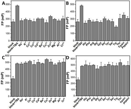 Selective and anti-interference performance for TBA. (A) The FP value of HSA NPs/DNA-2 incubated with 8.334 μg/mL of TBA or various metal ions for 20 min. (B) The FP value of HSA NPs/DNA-2 incubated with 8.334 μg/mL of TBA or various biomolecules for 20 min. (C) The FP value of HSA NPs/DNA-2 incubated with 8.334 μg/mL of TBA and 8.334 μg/mL of various metal ions for 20 min. (D) The FP value of HSA NPs/DNA-2 incubated with 8.334 μg/mL of TBA and 8.334 μg/mL of various biomolecules for 20 min.
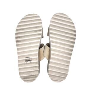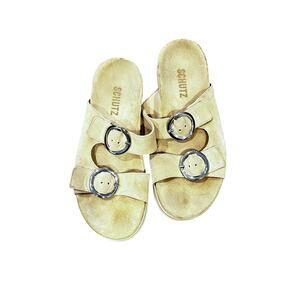 Schutz Light Tan Suede Double Buckle Flat Slip On Sandals. White rubber soles are a little scuffed. Suede has some markings but overall in very good condition. Adjustable straps. Cushioned footbed. Size 8B.
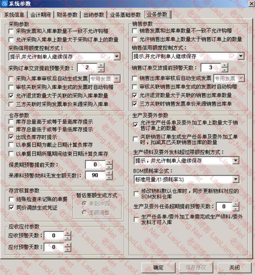 ①【业务基础参数】界面:
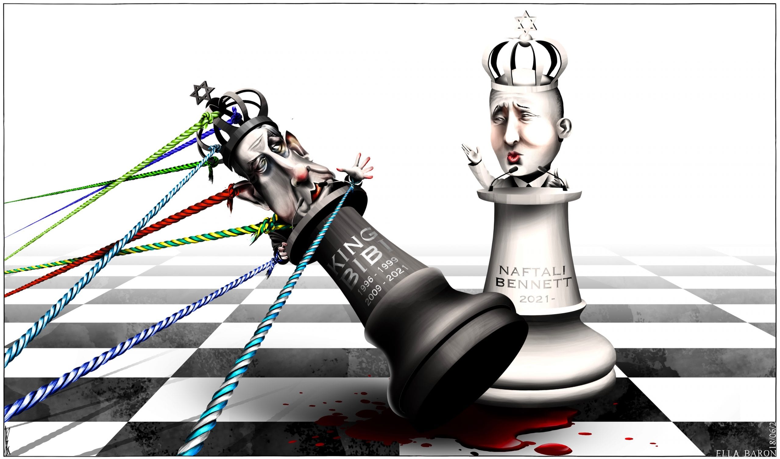 Ella Baron uses chess to illustrate the end of former Israeli prime minister Benjamin Netanyahu’s 12-year rule and new PM Naftali Bennett.
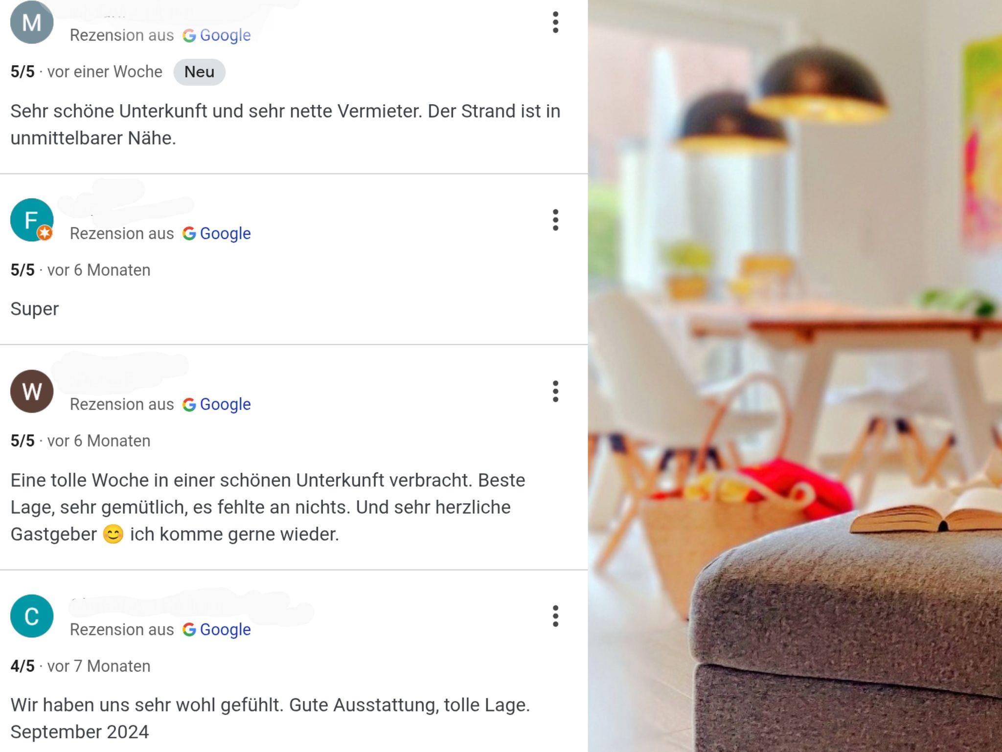 Das Haus ist sehr hell und modern eingerichtet, sowie gut ausgestattet mit einer Größe von 75 qm. Kostenfreies WLAN ist für uns selbstverständlich!
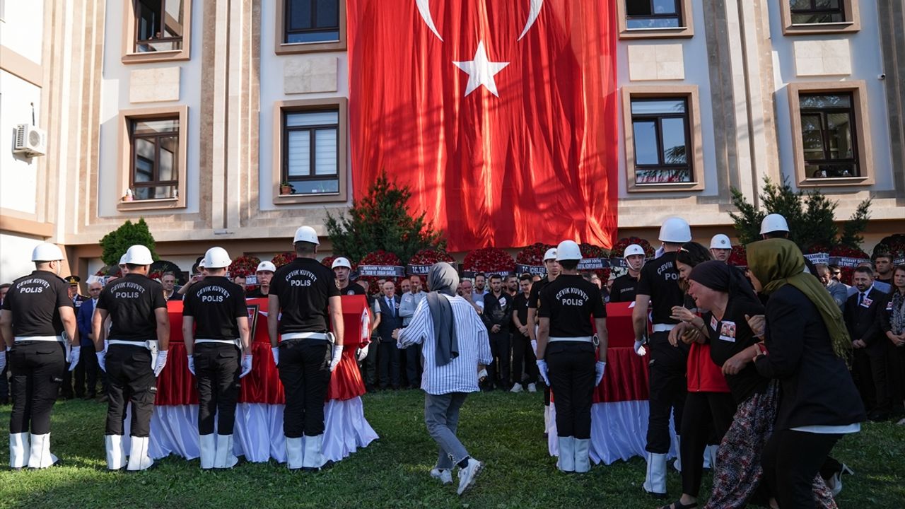 Şehit Şahin ve Ütni'nin Türk bayrağına sarılı tabutu, mesai arkadaşlarının omuzlarında Pamukkale ilçesindeki Denizli Orman Bölge Müdürlüğü bahçesine getirildi.
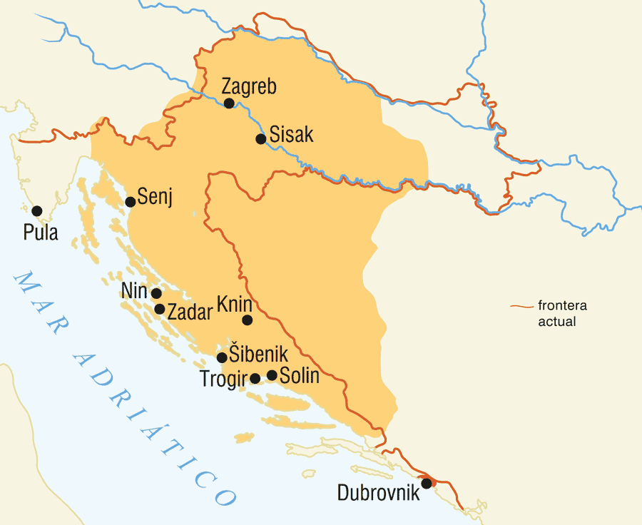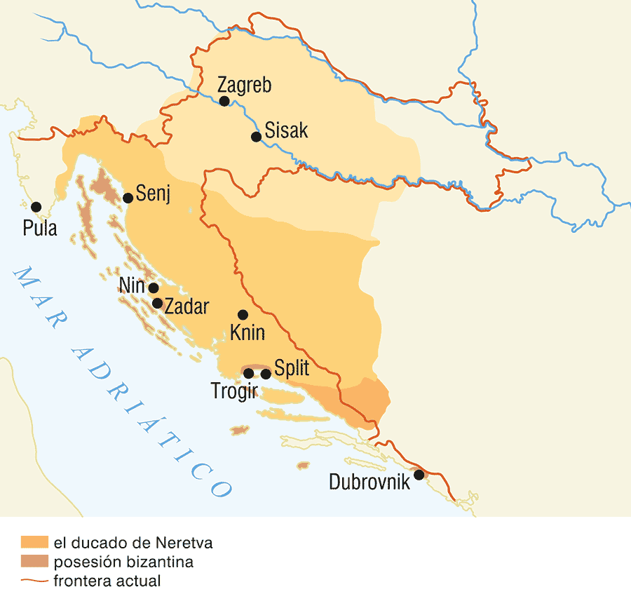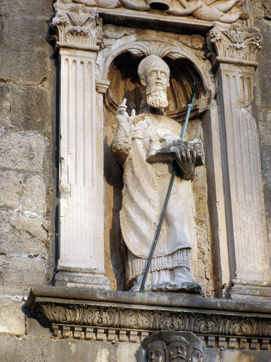 El obispo de la ciudad de Sebaste y mártir cristiano San Blas (mediados del siglo III – alrededor de 316), santo protector de la ciudad de Dubrovnik desde 1190. Dubrovnik se desarrolló de una aldea pescadora a comienzos del siglo VII. Estuvo bajo el dominio bizantino, normando, veneciano (desde 1205) y del Reino Croata-Húngaro, y desde 1358 hasta 1808 fue república independiente aristocrática. Hizo comercio en el Mediterráneo, el Levante y los Balcanes.El Reino de Croacia en el siglo XIEl ataúd de San Simón. El ataúd con las reliquias de San Simón en el altar principal de la iglesia de mismo nombre de Zadar, obra del maestro Francisco de Milán en 1380. Esta obra cumbre de orfebrería gótica representa los principales acontecimientos y personalidades del siglo XIV, la vida cotidiana de Zadar y vistas de algunas partes de la ciudad.
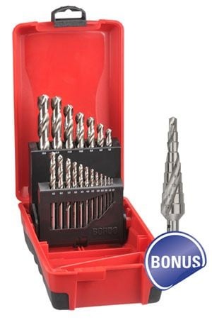 Category: Bordo, Drills, Jobber, Delta Point Bright Finish HSS, Metric Sets BONUS Step Drill
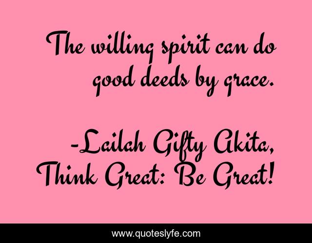 "Lailah Gifty Akita, Think Great: Be Great! Quotes." Quoteslyfe.com, 2025. Tue. 09 Dec. 2025. <https://www.quoteslyfe.com/quote/The-willing-spirit-can-do-good-deeds-95097>.
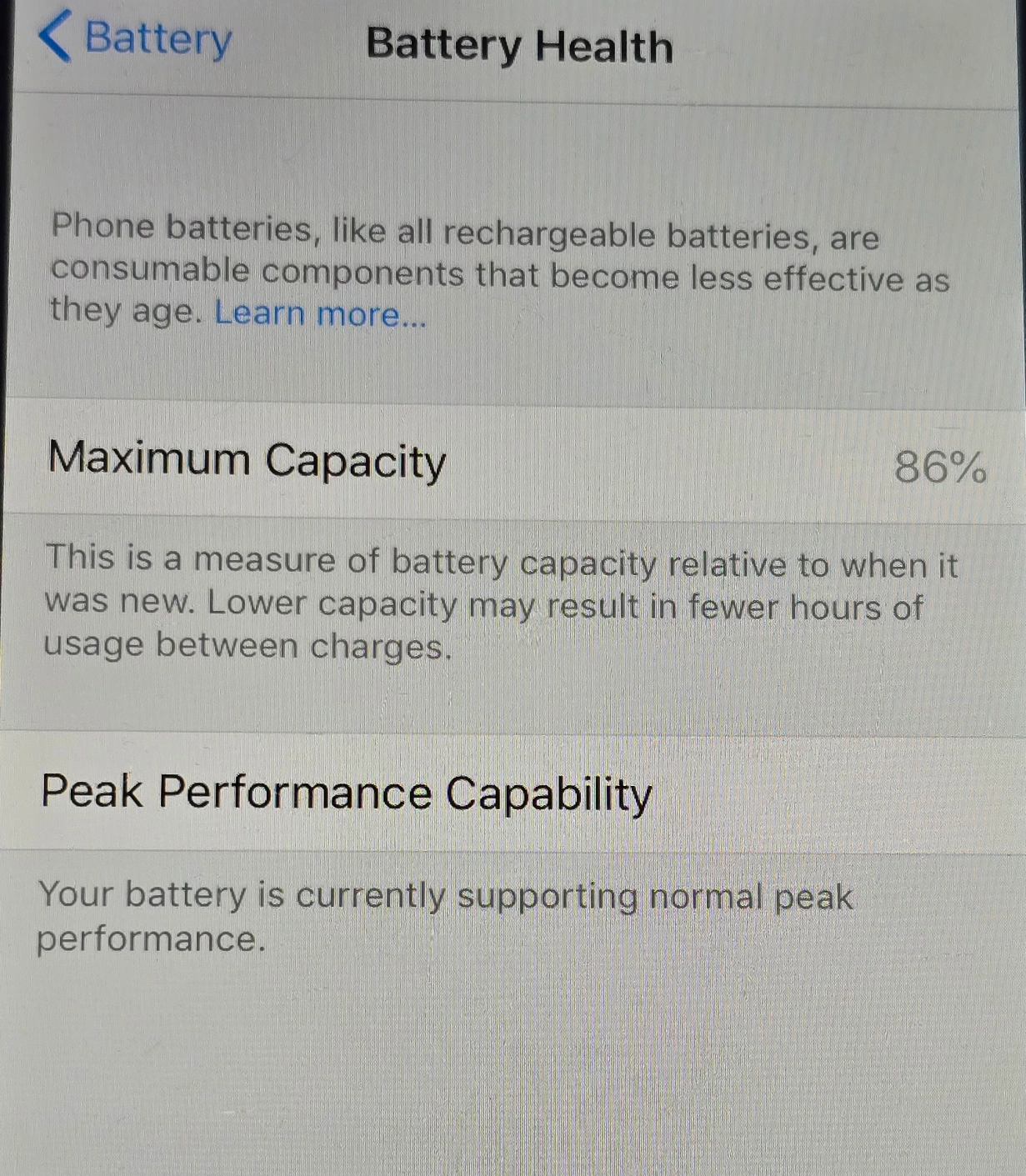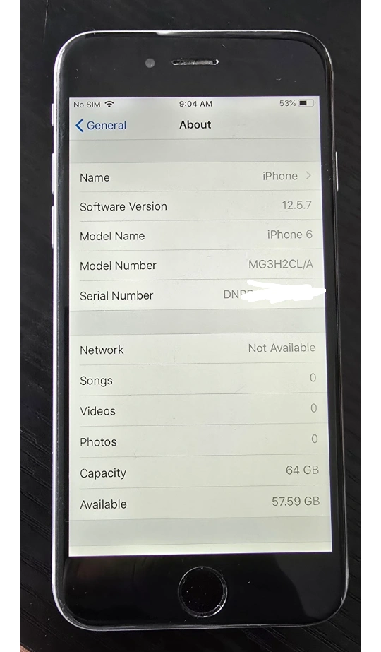 Used iPhone 6. Space grey. 64 GB storage. 86% battery health. Like new condition. No charging cable provided.
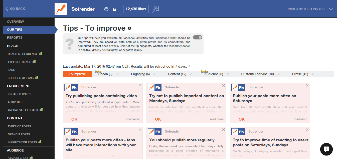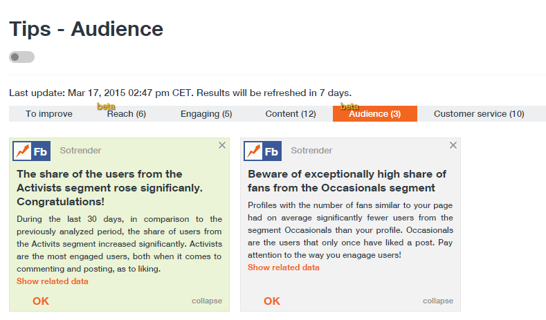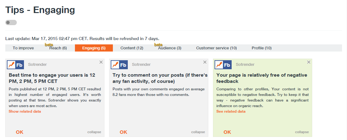 We are still improving our automated tips to make them more precise so that they include more aspects of social media profiles functioning. Yet, it’s only one of many Sotrender features. The tool underwent true metamorphosis in last weeks. We have changed its page and dashboard (here we have added several new features). We have also rebuilt our payment system and introduced new, better pricing with a brand being now basic unit of account. In the same time, we’re working on analytics panel for Instagram and many new features we will introduce soon. Now, feel invited to test new tips on reach and audience!
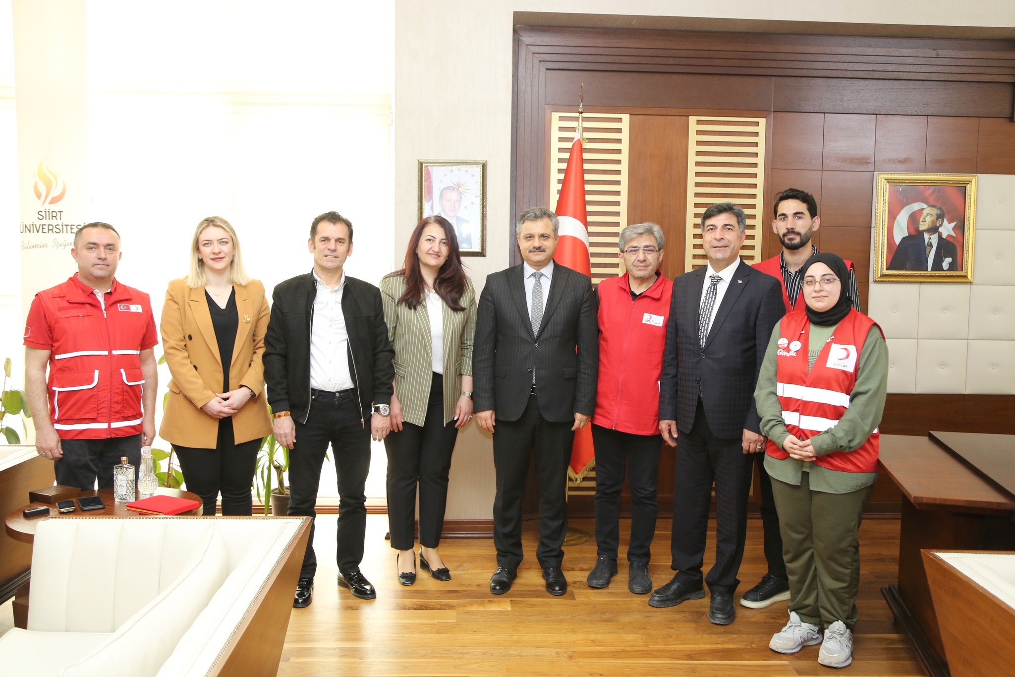 Rektörlük makamında gerçekleştirilen ziyarette sosyal sorumluluk projeleri, gönüllülük faaliyetleri ve Üniversitemiz ile Türk Kızılay'ı arasında yürütülebilecek iş birliği olanakları gibi konular değerlendirildi.
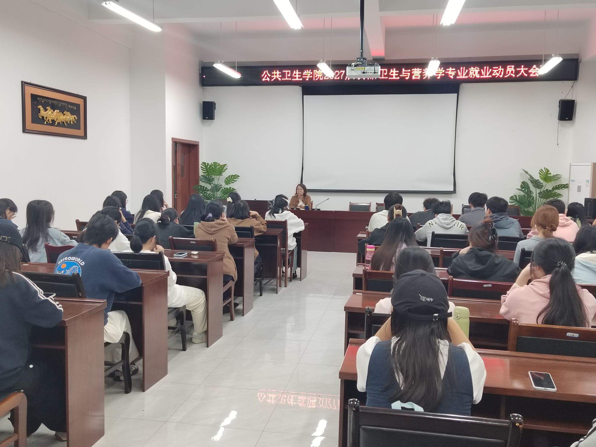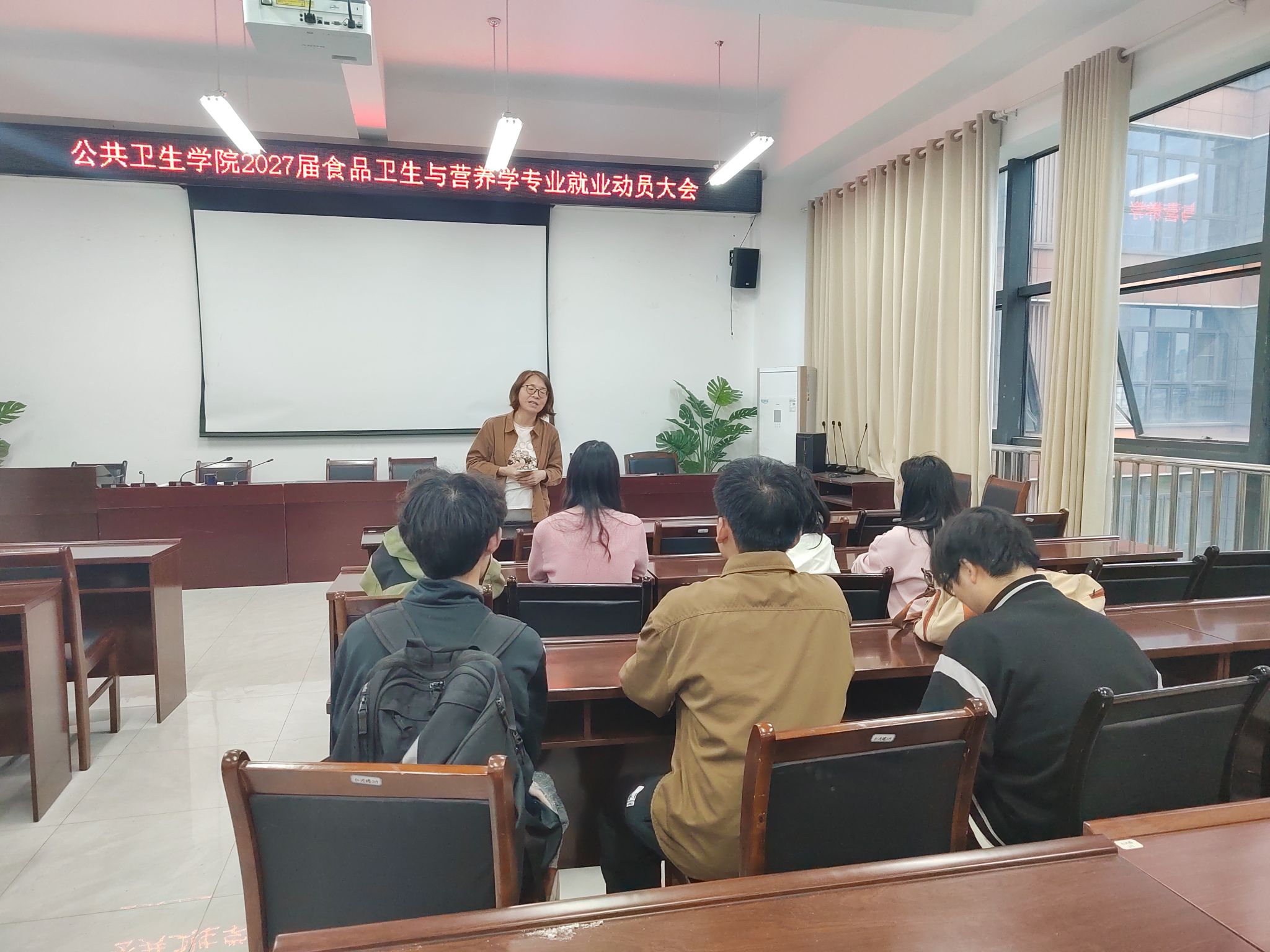为帮助毕业生明确职业方向、破解就业困惑,2026年4月22日下午,公司召开2027届食品卫生与营养学专业毕业生就业动员大会,公司党委书记马玲教授担任主讲人,51名同学参加会议。

┄┄┄┄┄┄

— YOUR INSTRUCTIONS —
Return the entries verbatim, pictures excluded.

— EXERCISE OUTPUT —
 Selective and anti-interference performance for TBA. (A) The FP value of HSA NPs/DNA-2 incubated with 8.334 μg/mL of TBA or various metal ions for 20 min. (B) The FP value of HSA NPs/DNA-2 incubated with 8.334 μg/mL of TBA or various biomolecules for 20 min. (C) The FP value of HSA NPs/DNA-2 incubated with 8.334 μg/mL of TBA and 8.334 μg/mL of various metal ions for 20 min. (D) The FP value of HSA NPs/DNA-2 incubated with 8.334 μg/mL of TBA and 8.334 μg/mL of various biomolecules for 20 min.
 Schutz Light Tan Suede Double Buckle Flat Slip On Sandals. White rubber soles are a little scuffed. Suede has some markings but overall in very good condition. Adjustable straps. Cushioned footbed. Size 8B.
 ①【业务基础参数】界面:
 Ella Baron uses chess to illustrate the end of former Israeli prime minister Benjamin Netanyahu’s 12-year rule and new PM Naftali Bennett.
 Das Haus ist sehr hell und modern eingerichtet, sowie gut ausgestattet mit einer Größe von 75 qm. Kostenfreies WLAN ist für uns selbstverständlich!
 Şehit Şahin ve Ütni'nin Türk bayrağına sarılı tabutu, mesai arkadaşlarının omuzlarında Pamukkale ilçesindeki Denizli Orman Bölge Müdürlüğü bahçesine getirildi.
 El obispo de la ciudad de Sebaste y mártir cristiano San Blas (mediados del siglo III – alrededor de 316), santo protector de la ciudad de Dubrovnik desde 1190. Dubrovnik se desarrolló de una aldea pescadora a comienzos del siglo VII. Estuvo bajo el dominio bizantino, normando, veneciano (desde 1205) y del Reino Croata-Húngaro, y desde 1358 hasta 1808 fue república independiente aristocrática. Hizo comercio en el Mediterráneo, el Levante y los Balcanes.El Reino de Croacia en el siglo XIEl ataúd de San Simón. El ataúd con las reliquias de San Simón en el altar principal de la iglesia de mismo nombre de Zadar, obra del maestro Francisco de Milán en 1380. Esta obra cumbre de orfebrería gótica representa los principales acontecimientos y personalidades del siglo XIV, la vida cotidiana de Zadar y vistas de algunas partes de la ciudad.
 Category: Bordo, Drills, Jobber, Delta Point Bright Finish HSS, Metric Sets BONUS Step Drill
 "Lailah Gifty Akita, Think Great: Be Great! Quotes." Quoteslyfe.com, 2025. Tue. 09 Dec. 2025. <https://www.quoteslyfe.com/quote/The-willing-spirit-can-do-good-deeds-95097>.
 Used iPhone 6. Space grey. 64 GB storage. 86% battery health. Like new condition. No charging cable provided.
 We are still improving our automated tips to make them more precise so that they include more aspects of social media profiles functioning. Yet, it’s only one of many Sotrender features. The tool underwent true metamorphosis in last weeks. We have changed its page and dashboard (here we have added several new features). We have also rebuilt our payment system and introduced new, better pricing with a brand being now basic unit of account. In the same time, we’re working on analytics panel for Instagram and many new features we will introduce soon. Now, feel invited to test new tips on reach and audience!
 Rektörlük makamında gerçekleştirilen ziyarette sosyal sorumluluk projeleri, gönüllülük faaliyetleri ve Üniversitemiz ile Türk Kızılay'ı arasında yürütülebilecek iş birliği olanakları gibi konular değerlendirildi.
为帮助毕业生明确职业方向、破解就业困惑,2026年4月22日下午,公司召开2027届食品卫生与营养学专业毕业生就业动员大会,公司党委书记马玲教授担任主讲人,51名同学参加会议。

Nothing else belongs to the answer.